Using Manhattan distance can yield better results when features are very different in terms of type or scale. However, we can treat the choice of distance measure as an empirical question; that is, we can try both (or other distance measures) and see which gives us the best-performing model. We will demonstrate this with a grid search in the next section.
As you likely suspect, KNN models are sensitive to the choice of k. Lower values of k will result in a model that attempts to identify subtle distinctions between observations. Of course, there is a substantial risk of overfitting at very low values of k. But at higher values of k, our model may not be flexible enough. We are once again confronted with the variance-bias trade-off. Lower k values result in less bias and more variance, while high values result in the opposite.
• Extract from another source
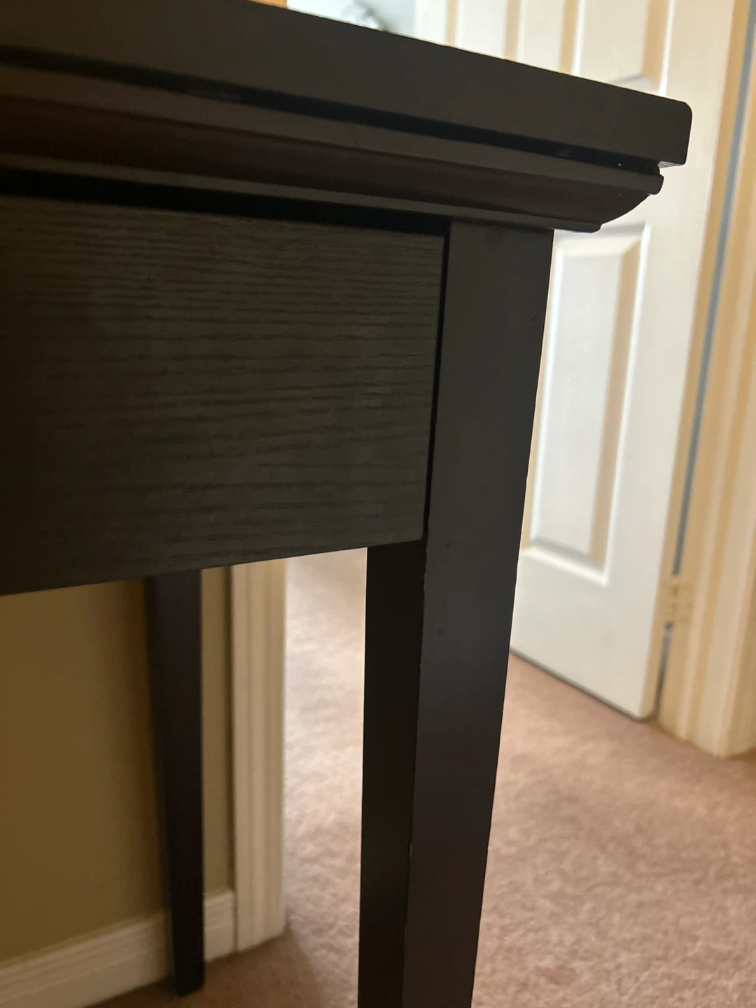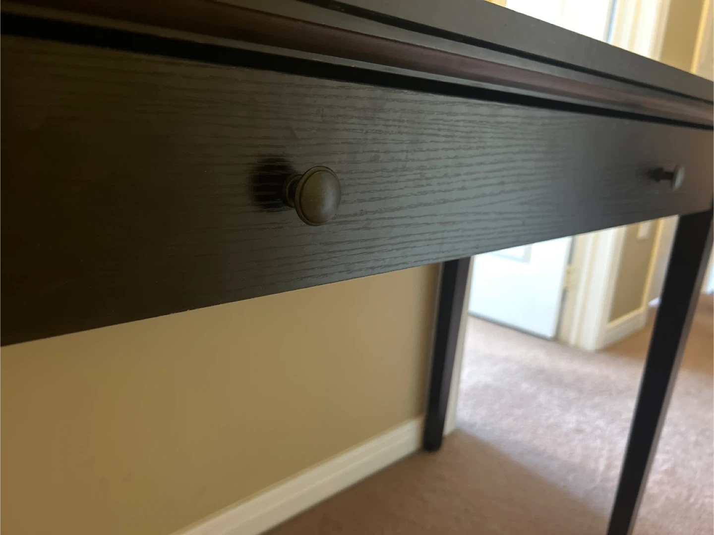 Dark brown wooden console table or small desk. Has a large drawer. In working condition with no issues (but has small dents- see photo)

There is no definitive answer to the choice of k. A good rule of thumb is to start with the square root of the number of observations. However, just as we would do for the distance measure, we should test a model’s performance at different values of k.
K-nearest neighbors is a lazy learner algorithm, as I have already mentioned. No calculations are performed at training time. The learning happens mainly during testing. This has some disadvantages. KNN may not be a good choice when there are many instances or dimensions in the data, and the speed of predictions matters. It also tends not to perform well when we have sparse data – that is, datasets with many 0 values.
K-nearest neighbors is a non-parametric algorithm. No assumptions are made about the attributes of the underlying data, such as linearity or normally distributed features. It can often give us decent results when a linear model would not. We will build a KNN regression model in the next section.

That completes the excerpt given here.